**EXERCISE**
Below, find the line containing "Simple but gorgeous" and the line containing "Menerusi perkongsian daripada"; reproduce exactly those two and every line between them, omitting pictures.
ENTRIES SUPPLIED: Begin
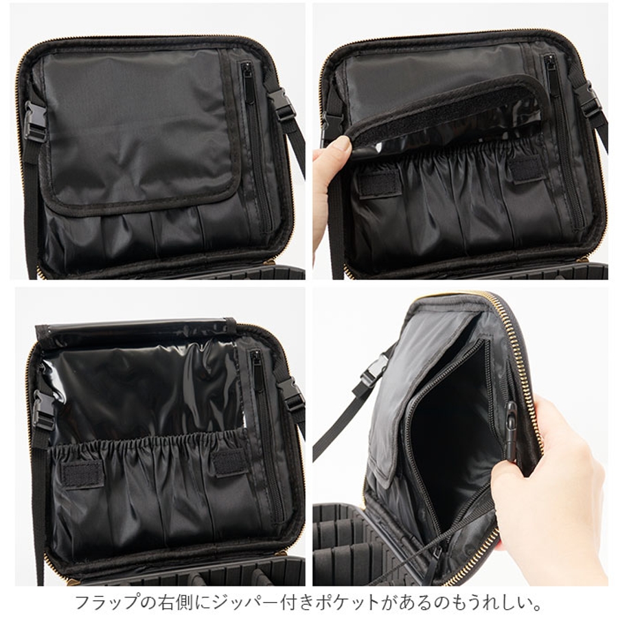・フタのフラップを開くとブラシの収納に便利なポケットを4つ配置。内側はビニール素材でコーティングされており、ブラシに残っているメイクが付いてもサッと拭き取り可能◎
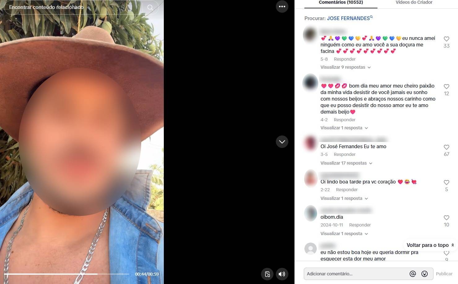 No caso de José Fernandes, ele disse que chegou a registrar um boletim de ocorrência porque recebeu a informação de que criminosos usaram sua imagem para enganar uma seguidora. Nos comentários, algumas relatam prejuízos de até R$ 9 mil depois de receberem ligações com pessoas que usavam a imagem do perfil no TikTok.
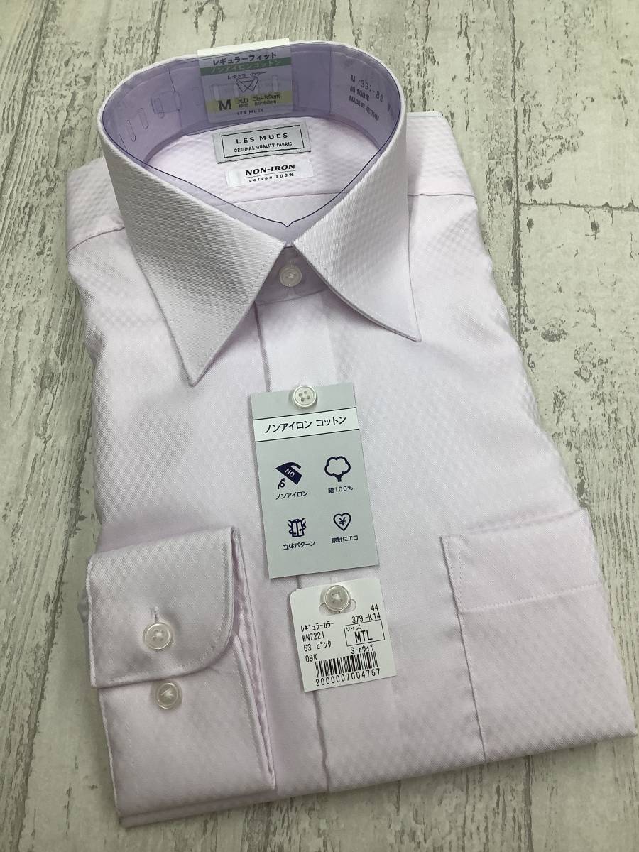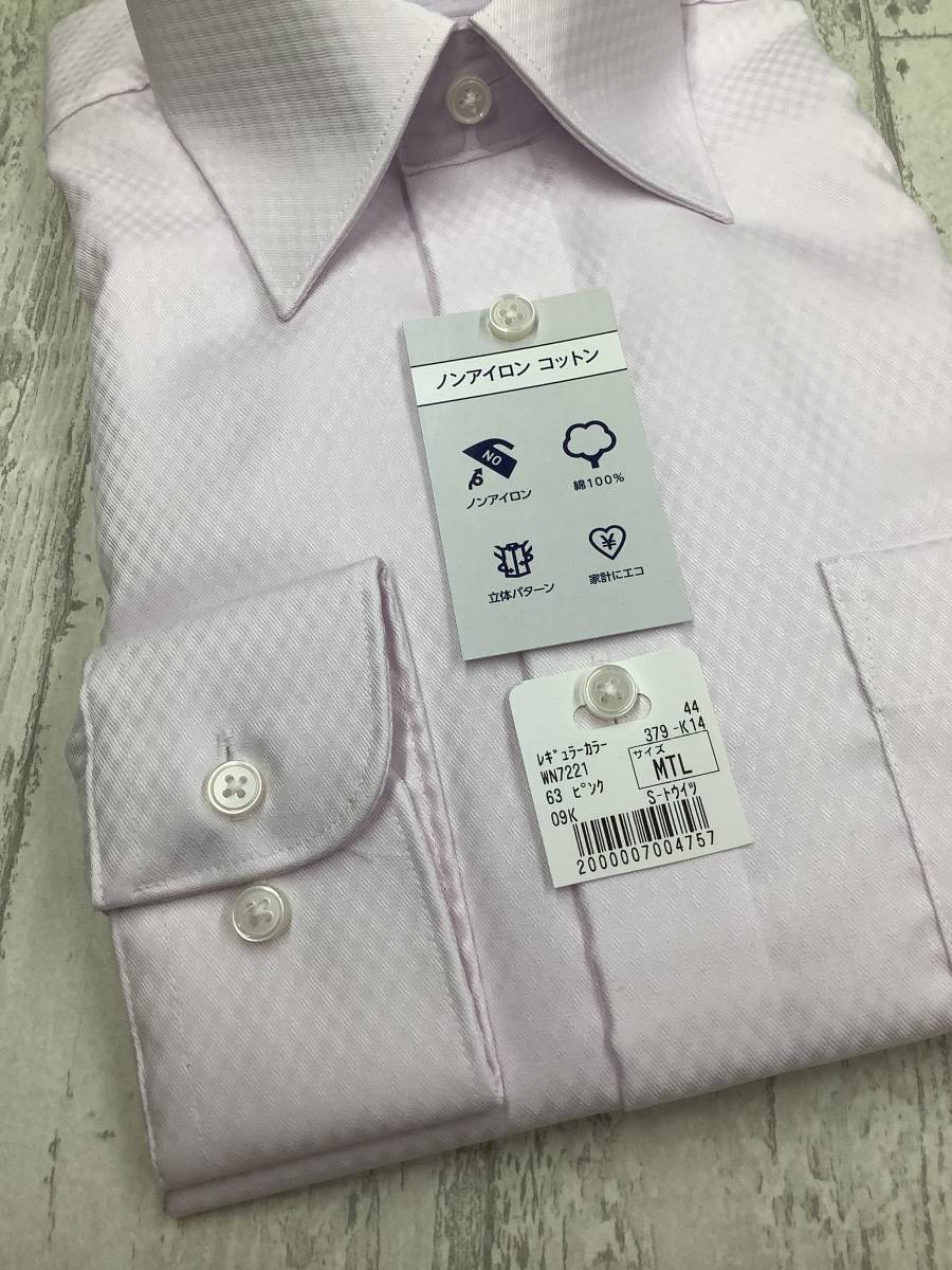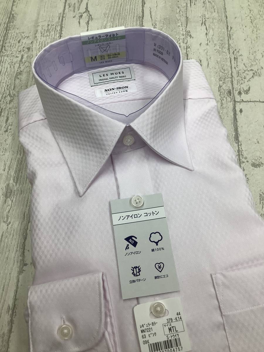 39-88 長袖Mサイズ ★ピンクチェックドビー生地 レギュラードレスシャツ 定価4,990円 綿100%ドレスシャツ
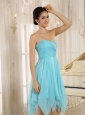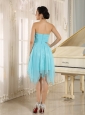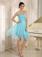 Simple but gorgeous aqua prom dress is. It features a strapless bodice with a sweetheart neckline and heavily embellished beadings in the left bust side area that highlight your natural waist. The short skirt flows freely in handkerchief style and a zipper up closure completes this gorgeous design. You will surely be the outstanding star in the prom.
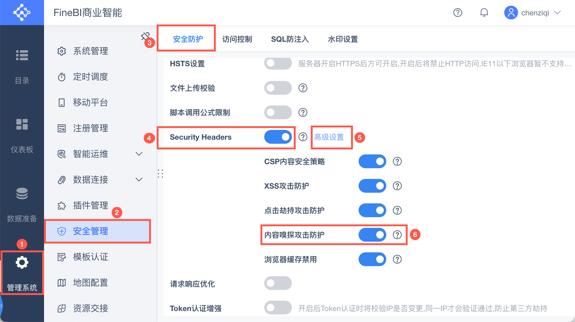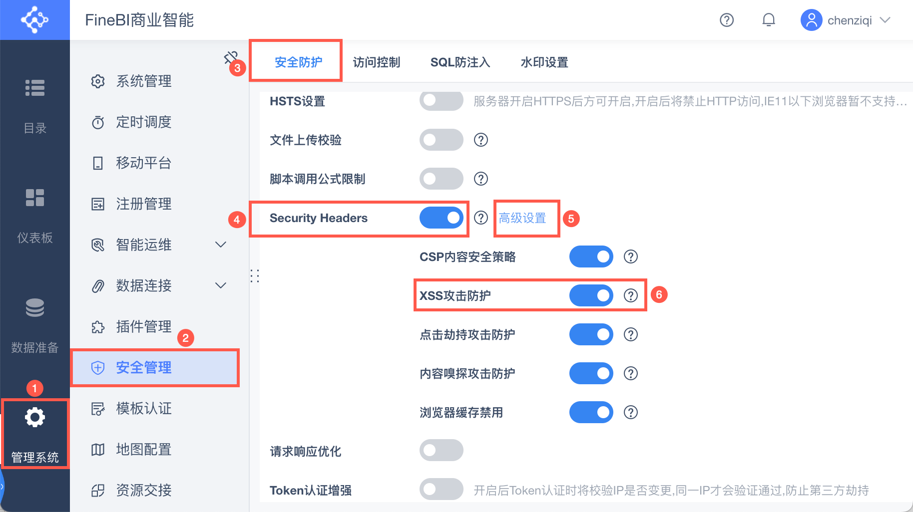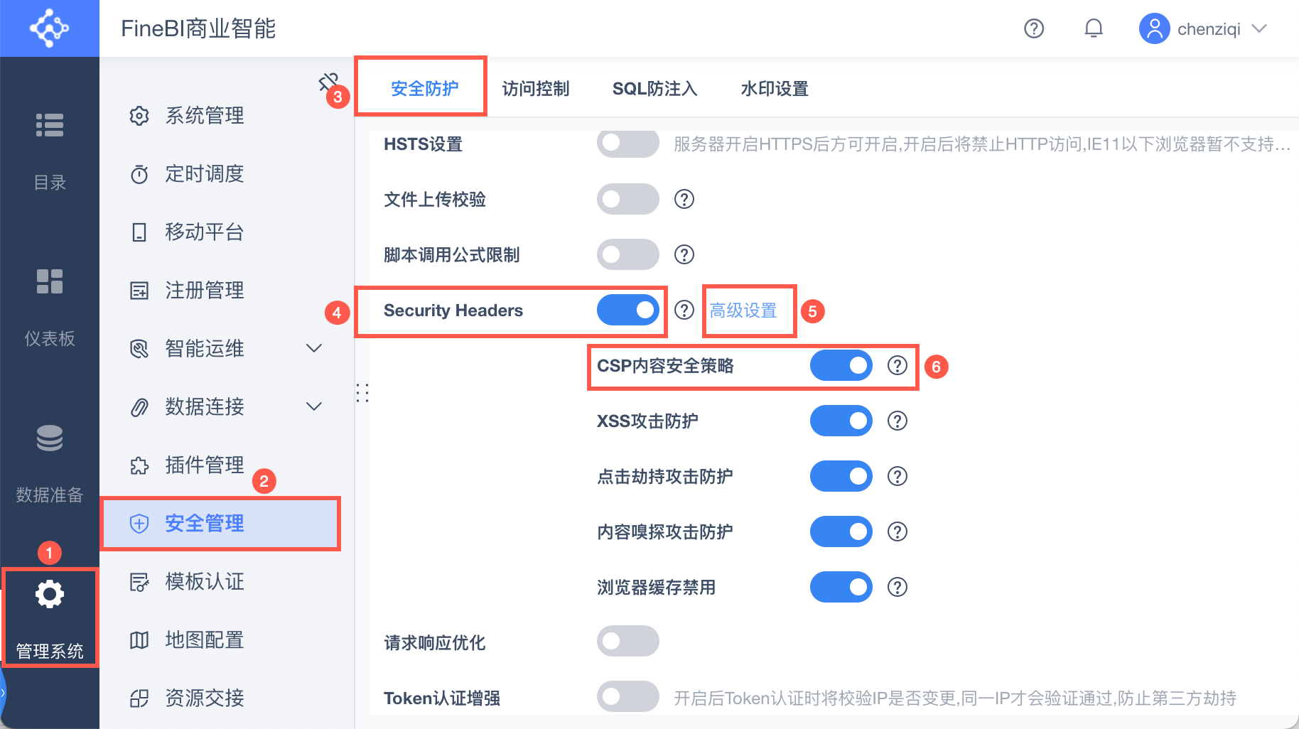 管理员登录 FineBI 系统,点击「管理系统>安全管理>安全防护」,开启「Security Headers 」功能。点击「高级设置」,即可开启「CSP 内容安全策略」。如下图所示:
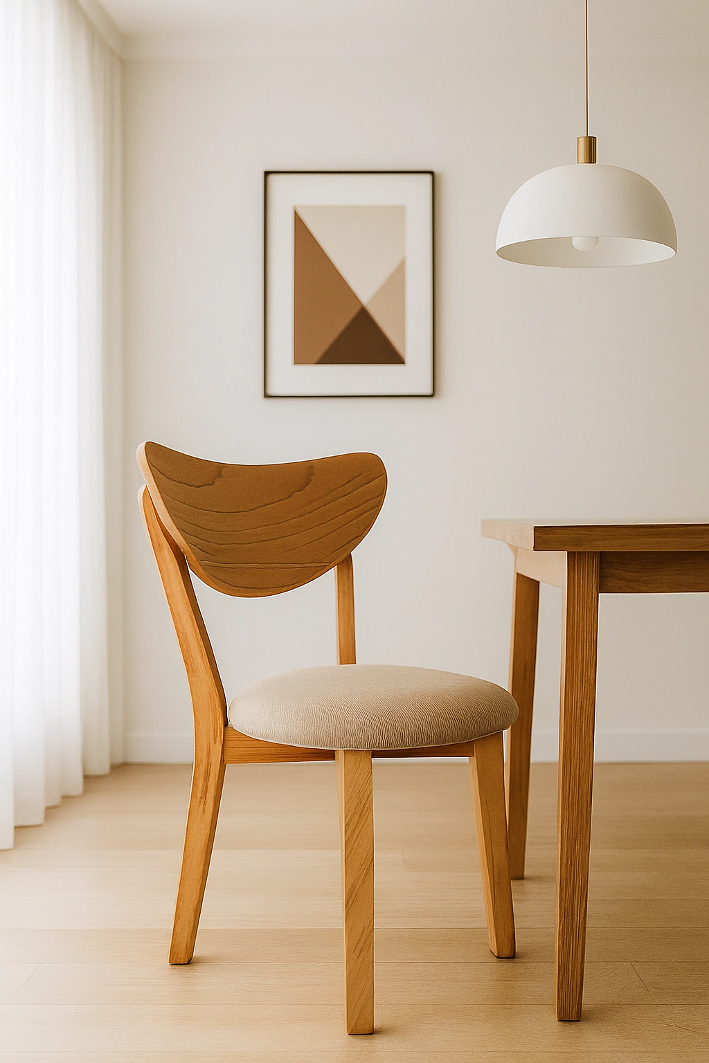 set mesa escandinava y 4 sillas escandinavas tapizadas de madera paraiso tela y colores a eleccion
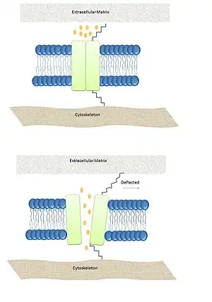 - ↑ Sachs, F; Morris, C. E (1998). "Mechanosensitive ion channels in nonspecialized cells". Reviews of Physiology, Biochemistry and Pharmacology. 132: 1–77. doi:10.1007/BFb0004985. ISBN 978-3-540-63492-8. PMID 9558913.
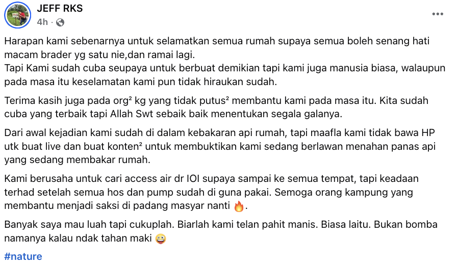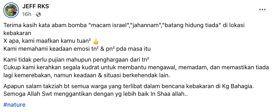Menerusi perkongsian daripada Jeff RKS, dia menyatakan mereka berdepan pelbagai cemuhan daripada segelintir individu di lokasi kejadian walaupun sedang bertungkus-lumus mengawal api dalam keadaan mencabar.
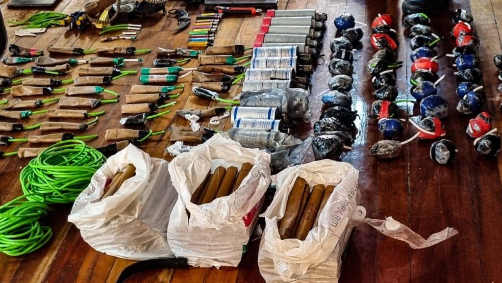 En el segundo campamento se encontraron 11 teléfonos celulares y un revólver, mientras que en el tercero se incautaron ocho teléfonos celulares, 50 dinamitas engarzadas listas para usar, 45 cartuchos adicionales, 17 granadas de gas, dos rollos de mecha de seguridad, tres bolsas de dinamita y un subfusil con cargador, entre otros.
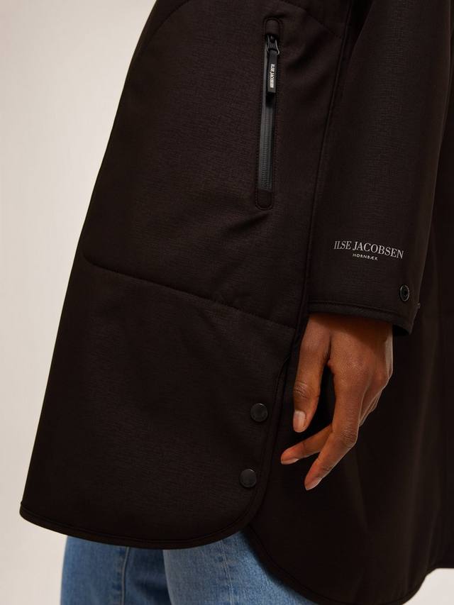 Для прогулок с друзьями, которым не помешает британская погода, эта парка от Ilse Jacobsen Hornbæk имеет удлиненную трапециевидную форму, которая не скроет вас. Практичный вариант для переменчивой погоды благодаря встроенному капюшону, он изготовлен из дышащей ткани soft shell, которая выдерживает давление воды до 5000 мм, поэтому выдерживает ливни средней и сильной интенсивности. Завершается зауженными швами и покрытием Ecorepel, которое создает невидимый щит, оставляя вас довольными и сухими.
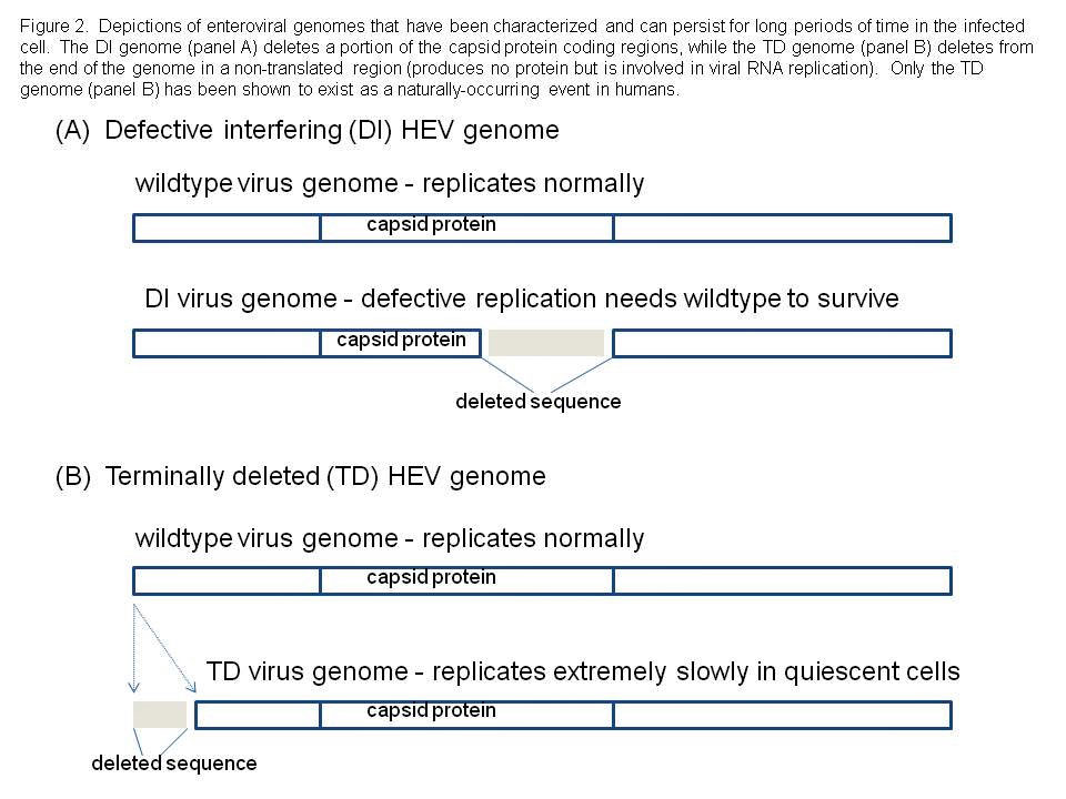These results provided an answer to the conundrum of failing to find cytopathic virus in myocarditic heart samples despite the ability to find viral RNA. Indeed, virus (in TD form) does exist in such samples but because the TD populations replicate so slowly and produce so little virus, they are difficult to detect. However, because the defect is not in a part of the viral genome that makes viral proteins, they do make all the viral proteins and even virus particles. But what does the finding of TD genomes mean for HEV disease?
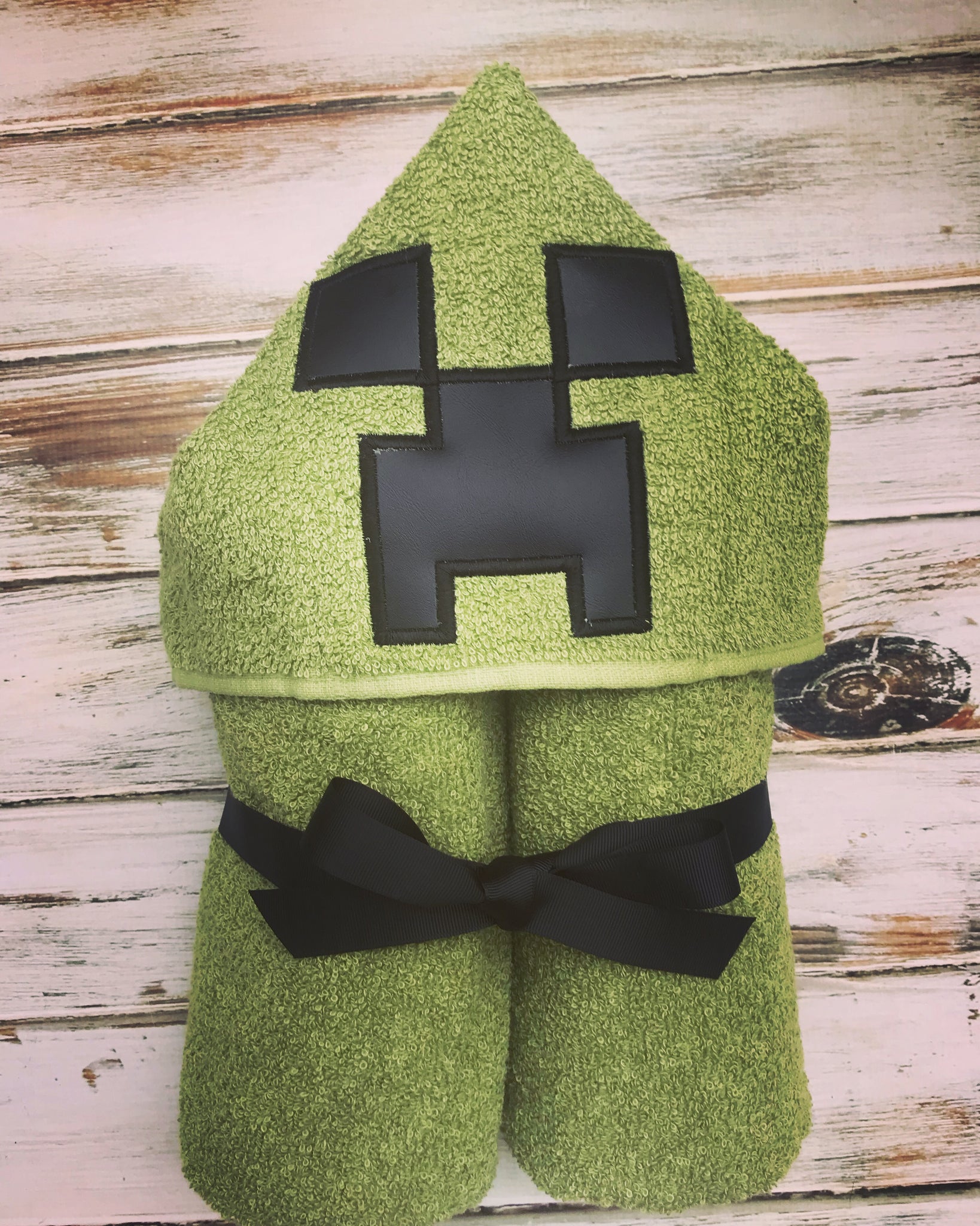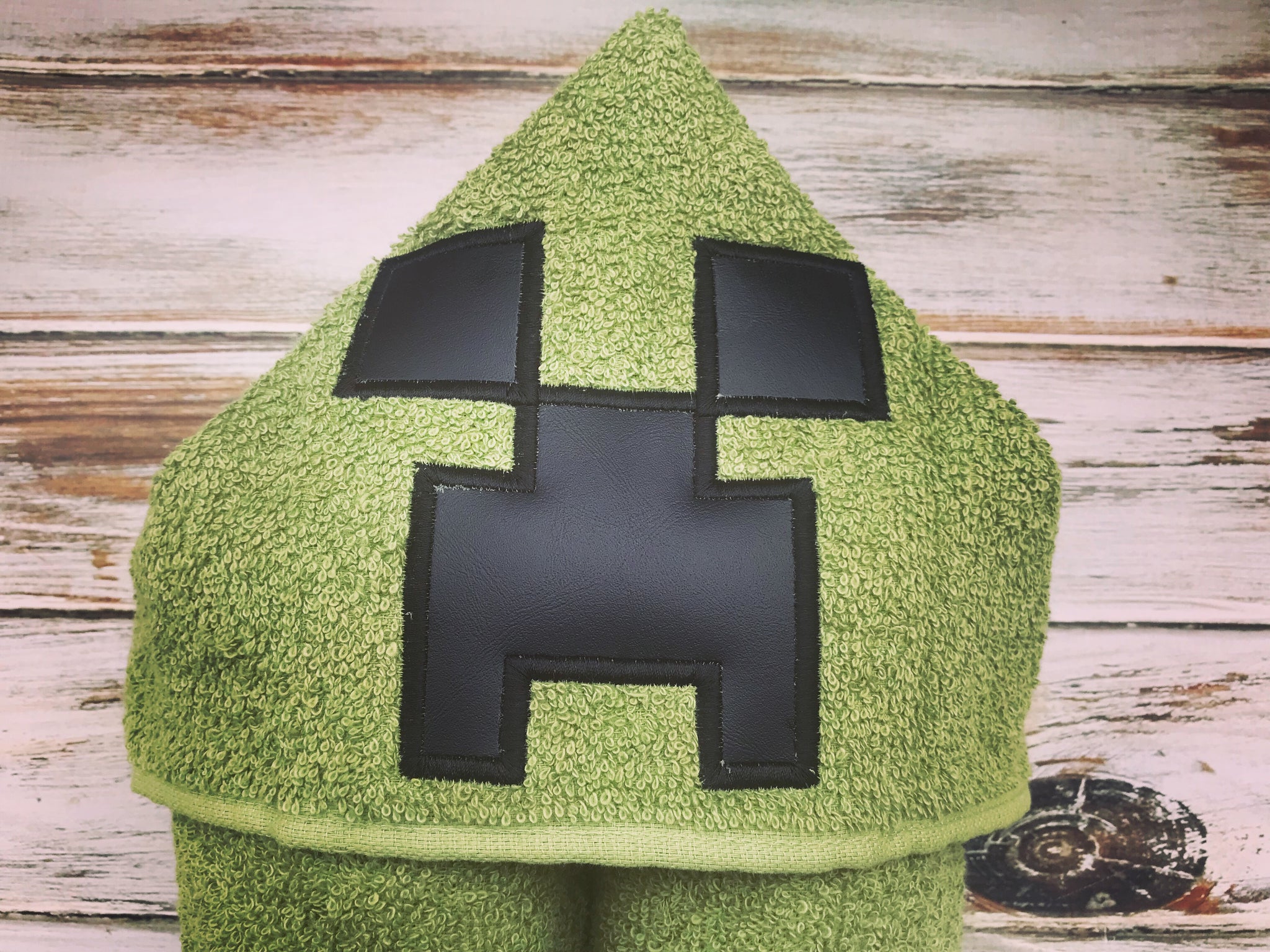 This listing is for a custom Creeper Minecraft hooded towel. Price includes child's name on the back of the towel.
ENTRIES SUPPLIED: End
**WRITTEN SOLUTION**
 Simple but gorgeous aqua prom dress is. It features a strapless bodice with a sweetheart neckline and heavily embellished beadings in the left bust side area that highlight your natural waist. The short skirt flows freely in handkerchief style and a zipper up closure completes this gorgeous design. You will surely be the outstanding star in the prom.
 管理员登录 FineBI 系统,点击「管理系统>安全管理>安全防护」,开启「Security Headers 」功能。点击「高级设置」,即可开启「CSP 内容安全策略」。如下图所示:
 set mesa escandinava y 4 sillas escandinavas tapizadas de madera paraiso tela y colores a eleccion
 - ↑ Sachs, F; Morris, C. E (1998). "Mechanosensitive ion channels in nonspecialized cells". Reviews of Physiology, Biochemistry and Pharmacology. 132: 1–77. doi:10.1007/BFb0004985. ISBN 978-3-540-63492-8. PMID 9558913.
Menerusi perkongsian daripada Jeff RKS, dia menyatakan mereka berdepan pelbagai cemuhan daripada segelintir individu di lokasi kejadian walaupun sedang bertungkus-lumus mengawal api dalam keadaan mencabar.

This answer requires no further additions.